* [WHAT THIS TASK INVOLVES] If you see a picture in the data below, omit it and copy the rest exactly.

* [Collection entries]

————————

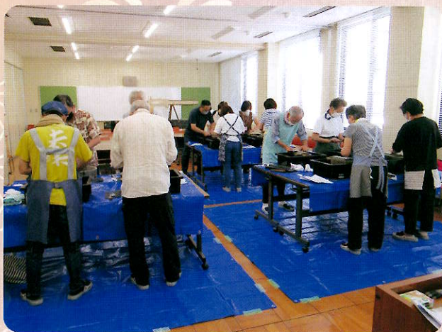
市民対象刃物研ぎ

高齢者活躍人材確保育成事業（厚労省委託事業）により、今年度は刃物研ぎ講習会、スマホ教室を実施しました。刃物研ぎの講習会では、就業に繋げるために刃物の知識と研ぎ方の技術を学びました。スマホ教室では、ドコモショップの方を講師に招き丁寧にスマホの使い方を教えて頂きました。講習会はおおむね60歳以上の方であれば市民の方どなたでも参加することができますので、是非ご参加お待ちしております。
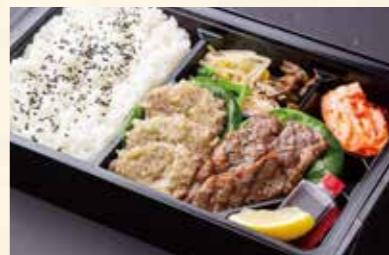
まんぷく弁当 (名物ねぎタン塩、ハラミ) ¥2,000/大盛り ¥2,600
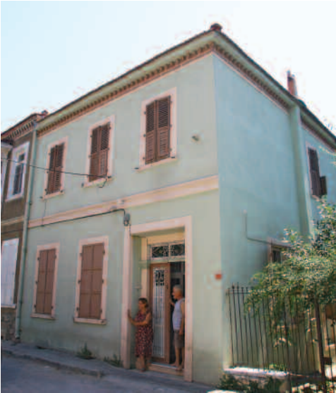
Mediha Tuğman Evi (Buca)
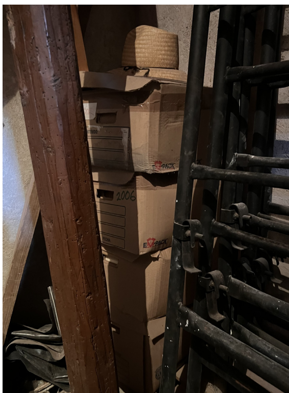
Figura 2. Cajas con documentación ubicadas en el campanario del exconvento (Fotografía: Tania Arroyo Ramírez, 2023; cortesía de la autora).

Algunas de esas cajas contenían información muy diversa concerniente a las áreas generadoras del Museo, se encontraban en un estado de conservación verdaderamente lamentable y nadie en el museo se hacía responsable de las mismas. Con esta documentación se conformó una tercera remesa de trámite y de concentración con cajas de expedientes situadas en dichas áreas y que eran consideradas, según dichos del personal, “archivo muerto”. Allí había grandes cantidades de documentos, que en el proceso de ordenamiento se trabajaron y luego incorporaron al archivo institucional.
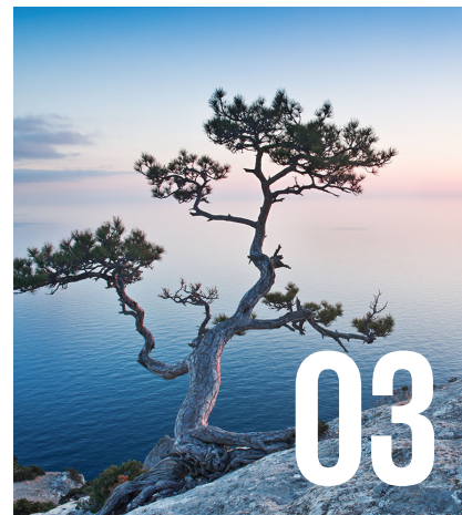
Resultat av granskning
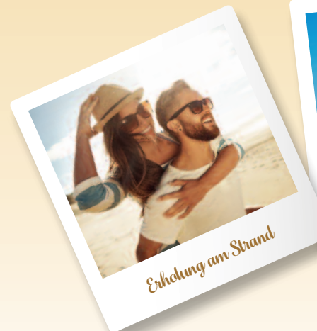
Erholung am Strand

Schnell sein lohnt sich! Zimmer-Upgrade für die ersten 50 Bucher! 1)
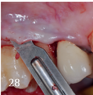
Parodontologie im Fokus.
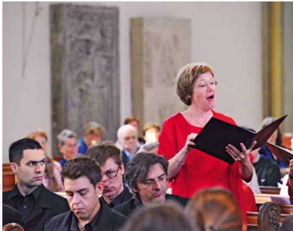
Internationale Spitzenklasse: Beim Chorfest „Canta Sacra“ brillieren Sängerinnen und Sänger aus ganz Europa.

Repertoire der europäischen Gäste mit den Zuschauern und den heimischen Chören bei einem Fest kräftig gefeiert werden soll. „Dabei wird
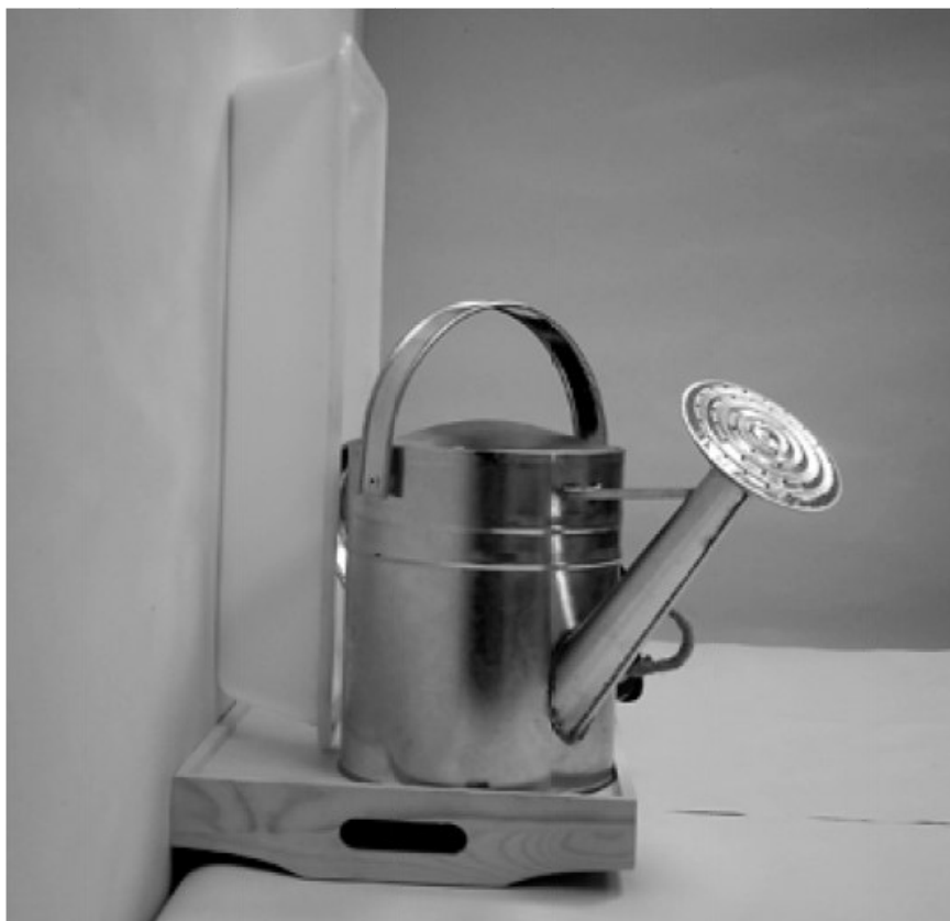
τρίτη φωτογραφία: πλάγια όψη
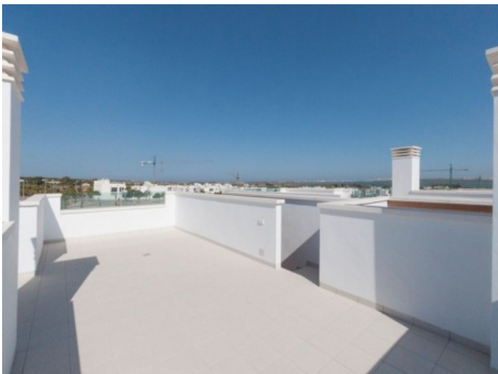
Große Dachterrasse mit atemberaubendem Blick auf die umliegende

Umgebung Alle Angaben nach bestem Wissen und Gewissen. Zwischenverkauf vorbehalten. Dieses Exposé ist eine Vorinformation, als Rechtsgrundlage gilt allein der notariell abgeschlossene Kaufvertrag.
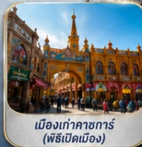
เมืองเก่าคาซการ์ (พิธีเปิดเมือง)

————————

* [TASK ANSWER]
市民対象刃物研ぎ

高齢者活躍人材確保育成事業（厚労省委託事業）により、今年度は刃物研ぎ講習会、スマホ教室を実施しました。刃物研ぎの講習会では、就業に繋げるために刃物の知識と研ぎ方の技術を学びました。スマホ教室では、ドコモショップの方を講師に招き丁寧にスマホの使い方を教えて頂きました。講習会はおおむね60歳以上の方であれば市民の方どなたでも参加することができますので、是非ご参加お待ちしております。
まんぷく弁当 (名物ねぎタン塩、ハラミ) ¥2,000/大盛り ¥2,600
Mediha Tuğman Evi (Buca)
Figura 2. Cajas con documentación ubicadas en el campanario del exconvento (Fotografía: Tania Arroyo Ramírez, 2023; cortesía de la autora).

Algunas de esas cajas contenían información muy diversa concerniente a las áreas generadoras del Museo, se encontraban en un estado de conservación verdaderamente lamentable y nadie en el museo se hacía responsable de las mismas. Con esta documentación se conformó una tercera remesa de trámite y de concentración con cajas de expedientes situadas en dichas áreas y que eran consideradas, según dichos del personal, “archivo muerto”. Allí había grandes cantidades de documentos, que en el proceso de ordenamiento se trabajaron y luego incorporaron al archivo institucional.
Resultat av granskning
Erholung am Strand

Schnell sein lohnt sich! Zimmer-Upgrade für die ersten 50 Bucher! 1)
Parodontologie im Fokus.
Internationale Spitzenklasse: Beim Chorfest „Canta Sacra“ brillieren Sängerinnen und Sänger aus ganz Europa.

Repertoire der europäischen Gäste mit den Zuschauern und den heimischen Chören bei einem Fest kräftig gefeiert werden soll. „Dabei wird
τρίτη φωτογραφία: πλάγια όψη
Große Dachterrasse mit atemberaubendem Blick auf die umliegende

Umgebung Alle Angaben nach bestem Wissen und Gewissen. Zwischenverkauf vorbehalten. Dieses Exposé ist eine Vorinformation, als Rechtsgrundlage gilt allein der notariell abgeschlossene Kaufvertrag.
เมืองเก่าคาซการ์ (พิธีเปิดเมือง)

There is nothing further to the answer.